The year that we were waiting for the final word, I was just trying not to panic. I knew that if Ryan had autism he would still be the same exact boy I brought into the clinic before his appointment. He would not magically change from the second before they told me he had autism to the second after they told me. He would still be my beautiful boy. I was just dealing with the idea of this label that would be put on Ryan. All I could think of was that all anyone would see when they looked at my son was a giant scarlet A on his chest. All his teachers would get a paper at the beginning of the year that said autism before they even got a chance to meet Ryan. I did not want my son to be judged.
As I look at Ryan now I am glad he does not have that label. He is doing great in school. Labels are both good and bad and I know I struggled with them for a long time. At one hand the label allows your kid to get the help they need. But on the other hand, a label can put your kid in a box. People can prejudge them and assume they know all about your kid before they even meet them.

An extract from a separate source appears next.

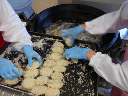 今日の給食の主菜は、[たこコロッケ]です。子どもたちの好きなコロッケの中に、たこ・青のり・かつおぶしを加えました。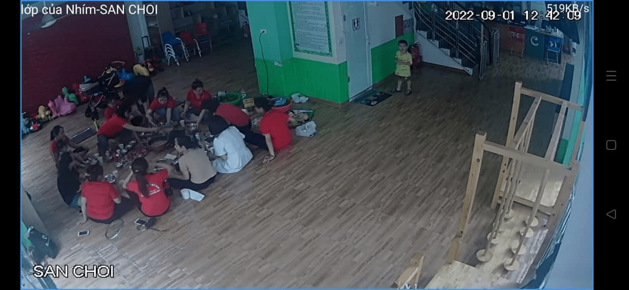 Đây là ảnh chụp cam các cô trường mầm non con nhà mình đang học. Có lẽ sắp vào năm học mới nên các cô tổ chức một bữa liên hoan nho nhỏ, nghỉ lễ 2-9 luôn. Các cô phải tranh thủ cho các con ngủ trưa xong xuôi mới xuống dọn đồ ăn, bưng bê nồi bếp các thứ, lúc đó là 12h30. Cô chủ nhiệm lớp con mình thì không thể tham gia vì còn ở lại trông các con ngủ do lớp bé nhất. Nghĩ thấy thương các cô. Ăn uống cũng phải tranh thủ, rồi nhanh lẹ kẻo đến giờ các con dậy. Ngày thường thì cũng phải chăm lo các con ngủ nghỉ ổn thỏa mới được nghỉ chút, như lớp con mình bé nhất thì hầu như các cô không được nghỉ trưa mấy khi vì các bé hay quấy khóc, nhất là khi có bé mới…

The first person who really mentioned autism to me was Ryan's doctor. I was 9 months pregnant with my daughter (I had her exactly one week later) and the doctor sat us down and explained that they thought Ryan had autism and we should get him tested. Of course being about ready to pop I started crying. The doctor keep handing me tissues and asking me not to cry. A week later when she came to the hospital after I had Kate she looked like she wanted to hide in a closet when she saw me there. I just keep thinking about how crushing that label would be for Ryan. But I also knew that I had to find out and get him the help he needed to be successful in life.

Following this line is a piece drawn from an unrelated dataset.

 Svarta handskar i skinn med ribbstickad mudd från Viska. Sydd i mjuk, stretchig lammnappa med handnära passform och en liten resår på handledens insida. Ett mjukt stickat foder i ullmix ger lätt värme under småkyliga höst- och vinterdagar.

The day of the appointments were the most nerve-wracking days of my life. I was sick to my stomach and literally shaking the whole 45 minute drive to the doctors office. I sat there as they asked Ryan questions and silently prayed he would answer them right. I cringed everytime he got one wrong. When they officially told me it was just sensory processing disorder and not autism I know I had a huge smile on my face. I remember feeling lightheaded because I was so happy. No mother wants to hear their kid has autism.